To de-risk the chance of a problematic transaction finding its way into the blockchain before the soft fork took effect, we needed to additionally patch the node's relay logic.  The relay logic for 2.05.0.3.0 would never relay a problematic transaction regardless of whether or not the soft fork was in effect.  In addition, the relay logic would never relay a block or microblock if it contained a problematic transaction after the soft fork took effect.
We timed the release of 2.05.0.3.0 such that the soft fork would take effect about a week afterwards -- at Bitcoin block 752,000.  During this week, Hiro PBC and the Stacks Foundation tried to contact as many miners as we knew of (and we don't know everyone who mines) to encourage them to upgrade.  In addition, we encouraged every exchange and wallet provider we had contacts for to upgrade.  This included emails, Twitter DMs, and in some cases, sending a STX transfer transaction with a memo field containing a human-readable message encouraging the recipient to upgrade.
In the end, a majority of miners had upgraded without a problematic transaction ever getting mined.  At the time of this writing, 100% of miners have upgraded.  You can tell by looking at the version field of a Stacks block or microblock:  if it is 0x01, then the miner that produced it was running the 2.05.0.3.0 release (and if it was 0x00, it was running a prior release).
Timeline

August 18, 2022 4:48pm ET:  The bug report and PoC are filed on the Stacks Immunefi account.  The PoC is targeted at the Clarinet devnet.
August 18, 2022 5:03pm ET:  Immunefi closes the bug report as out-of-scope, because it is against the Clarinet devnet and not the blockchain mainnet.
August 18, 2022 9:49pm ET:  The Stacks Foundation identifies the problem as in-scope because the Clarinet devnet and mainnet share the same Clarity VM implementation.  The bug report and PoC are escalated to all blockchain engineers at the Stacks Foundation, Hiro PBC, and Trust Machines.  The bug report on Immunefi is re-opened and escalated.
August 19, 2022 12:03am ET:  An initial patch is privately circulated amongst the blockchain engineers that takes a first stab at implementing the soft fork.

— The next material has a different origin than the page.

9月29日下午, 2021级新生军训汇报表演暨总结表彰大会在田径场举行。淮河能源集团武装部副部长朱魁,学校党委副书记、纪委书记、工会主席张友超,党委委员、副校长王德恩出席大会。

August 19, 2022 10:05am ET:  A private git repository is set up for blockchain engineers to iterate on the patch and test it.  Several iterations are made on the patch.

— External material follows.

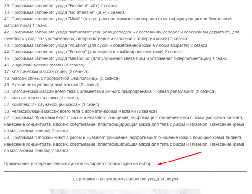 - возможность приобретения подарочных сертификатов на любую услугу (комплекс услуг)

August 23, 2022 11:27pm ET:  The patch begins its final review.  Artifacts from this patch are used to upgrade infrastructure at the various Stacks entities, including the Foundation, Hiro PBC, Trust Machines, Daemon Technologies, and Xverse.
August 27, 2022 9:33am ET:  A node at the Foundation is confirmed to have been able to boot from genesis with the patch applied, and reach the same chain tip as the rest of the network.

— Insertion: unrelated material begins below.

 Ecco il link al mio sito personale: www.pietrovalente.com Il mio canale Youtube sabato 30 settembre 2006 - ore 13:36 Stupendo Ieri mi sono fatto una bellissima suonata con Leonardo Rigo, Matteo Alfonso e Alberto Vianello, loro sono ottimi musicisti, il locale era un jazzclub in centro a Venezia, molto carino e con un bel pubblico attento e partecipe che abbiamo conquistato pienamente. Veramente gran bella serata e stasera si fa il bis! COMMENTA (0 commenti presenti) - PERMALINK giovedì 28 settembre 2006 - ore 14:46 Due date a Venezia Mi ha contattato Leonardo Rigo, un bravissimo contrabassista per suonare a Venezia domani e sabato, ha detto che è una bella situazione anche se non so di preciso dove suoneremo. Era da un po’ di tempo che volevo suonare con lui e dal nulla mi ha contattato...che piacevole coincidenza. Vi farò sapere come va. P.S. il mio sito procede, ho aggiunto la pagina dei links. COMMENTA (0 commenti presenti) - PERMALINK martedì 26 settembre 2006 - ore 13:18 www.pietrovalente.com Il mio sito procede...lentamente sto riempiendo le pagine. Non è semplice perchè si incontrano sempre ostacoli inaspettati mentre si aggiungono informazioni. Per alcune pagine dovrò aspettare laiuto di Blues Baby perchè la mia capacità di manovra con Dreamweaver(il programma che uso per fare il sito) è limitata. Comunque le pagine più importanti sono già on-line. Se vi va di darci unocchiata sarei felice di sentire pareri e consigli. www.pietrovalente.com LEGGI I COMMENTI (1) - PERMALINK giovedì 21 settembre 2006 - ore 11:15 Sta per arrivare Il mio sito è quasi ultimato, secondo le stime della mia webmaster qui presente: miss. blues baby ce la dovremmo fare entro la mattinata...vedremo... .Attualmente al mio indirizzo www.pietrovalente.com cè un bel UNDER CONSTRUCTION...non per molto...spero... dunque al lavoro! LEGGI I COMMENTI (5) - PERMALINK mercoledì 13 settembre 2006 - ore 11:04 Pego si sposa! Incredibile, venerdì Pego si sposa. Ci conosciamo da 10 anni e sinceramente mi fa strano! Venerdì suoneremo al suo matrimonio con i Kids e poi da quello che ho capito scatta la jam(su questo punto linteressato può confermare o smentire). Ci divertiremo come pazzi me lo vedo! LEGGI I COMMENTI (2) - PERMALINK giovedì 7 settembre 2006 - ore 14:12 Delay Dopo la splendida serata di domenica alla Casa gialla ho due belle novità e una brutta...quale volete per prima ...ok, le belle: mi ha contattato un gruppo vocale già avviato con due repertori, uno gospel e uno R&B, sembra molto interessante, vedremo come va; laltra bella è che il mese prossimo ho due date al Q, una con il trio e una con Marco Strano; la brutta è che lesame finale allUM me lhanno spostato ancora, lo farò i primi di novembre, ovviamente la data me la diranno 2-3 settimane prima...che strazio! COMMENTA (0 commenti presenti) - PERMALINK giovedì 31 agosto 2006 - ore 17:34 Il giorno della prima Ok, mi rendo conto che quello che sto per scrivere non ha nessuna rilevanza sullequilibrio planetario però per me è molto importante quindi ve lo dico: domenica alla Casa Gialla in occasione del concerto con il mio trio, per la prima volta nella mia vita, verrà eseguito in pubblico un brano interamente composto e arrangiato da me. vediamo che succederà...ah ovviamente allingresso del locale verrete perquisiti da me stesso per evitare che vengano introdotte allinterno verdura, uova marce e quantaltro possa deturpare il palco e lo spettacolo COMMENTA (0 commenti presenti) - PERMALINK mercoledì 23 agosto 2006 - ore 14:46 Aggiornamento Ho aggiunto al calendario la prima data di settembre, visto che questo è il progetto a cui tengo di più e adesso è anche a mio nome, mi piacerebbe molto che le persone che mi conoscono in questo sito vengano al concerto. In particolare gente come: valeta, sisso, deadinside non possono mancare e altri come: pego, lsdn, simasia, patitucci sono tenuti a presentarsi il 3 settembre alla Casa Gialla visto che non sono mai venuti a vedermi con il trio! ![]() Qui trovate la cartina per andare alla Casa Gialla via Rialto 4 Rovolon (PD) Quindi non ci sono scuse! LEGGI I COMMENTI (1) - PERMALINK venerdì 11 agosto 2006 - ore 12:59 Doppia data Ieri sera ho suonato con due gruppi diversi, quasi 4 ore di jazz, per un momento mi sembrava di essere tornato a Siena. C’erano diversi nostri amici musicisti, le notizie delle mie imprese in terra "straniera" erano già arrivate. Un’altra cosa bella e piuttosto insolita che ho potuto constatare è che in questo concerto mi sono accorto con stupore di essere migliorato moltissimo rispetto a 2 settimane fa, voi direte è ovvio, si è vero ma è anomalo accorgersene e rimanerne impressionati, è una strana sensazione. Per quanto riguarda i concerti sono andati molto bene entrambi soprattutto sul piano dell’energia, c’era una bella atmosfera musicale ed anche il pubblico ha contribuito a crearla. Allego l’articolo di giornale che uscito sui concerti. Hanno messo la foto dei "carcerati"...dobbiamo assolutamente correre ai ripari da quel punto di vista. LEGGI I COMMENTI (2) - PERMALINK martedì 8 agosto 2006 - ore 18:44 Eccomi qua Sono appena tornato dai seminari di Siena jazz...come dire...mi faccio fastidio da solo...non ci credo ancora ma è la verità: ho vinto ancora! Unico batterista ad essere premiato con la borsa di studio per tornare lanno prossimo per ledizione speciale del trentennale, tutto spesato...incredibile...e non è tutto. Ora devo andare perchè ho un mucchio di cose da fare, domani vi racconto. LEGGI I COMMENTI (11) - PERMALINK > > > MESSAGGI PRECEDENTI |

August 29, 2022 3:20pm ET:  A signed release of the patched artifacts are uploaded to a public but undisclosed Amazon S3 bucket and shared with miners and exchange partners for which any of the aforementioned entities have contact information.
August 31, 2022 1:39pm ET:  A private release of 2.05.0.3.0 is created.
August 31, 2022 2:03pm ET:  The 2.05.0.3.0 release pull request is made public on the Stacks blockchain Github project.
August 31, 2022 2:32pm ET:  The 2.05.0.3.0 release is merged to master.
August 31, 2022 4:16pm ET:  A public, signed announcement from announce@stacks.org is made to officially announce the 2.05.0.3.0 release.
Footnotes

[1] 64 nestings per MAX_CALL_STACK_DEPTH, plus a buffer of 5 per AST_CALL_STACK_DEPTH_BUFFER.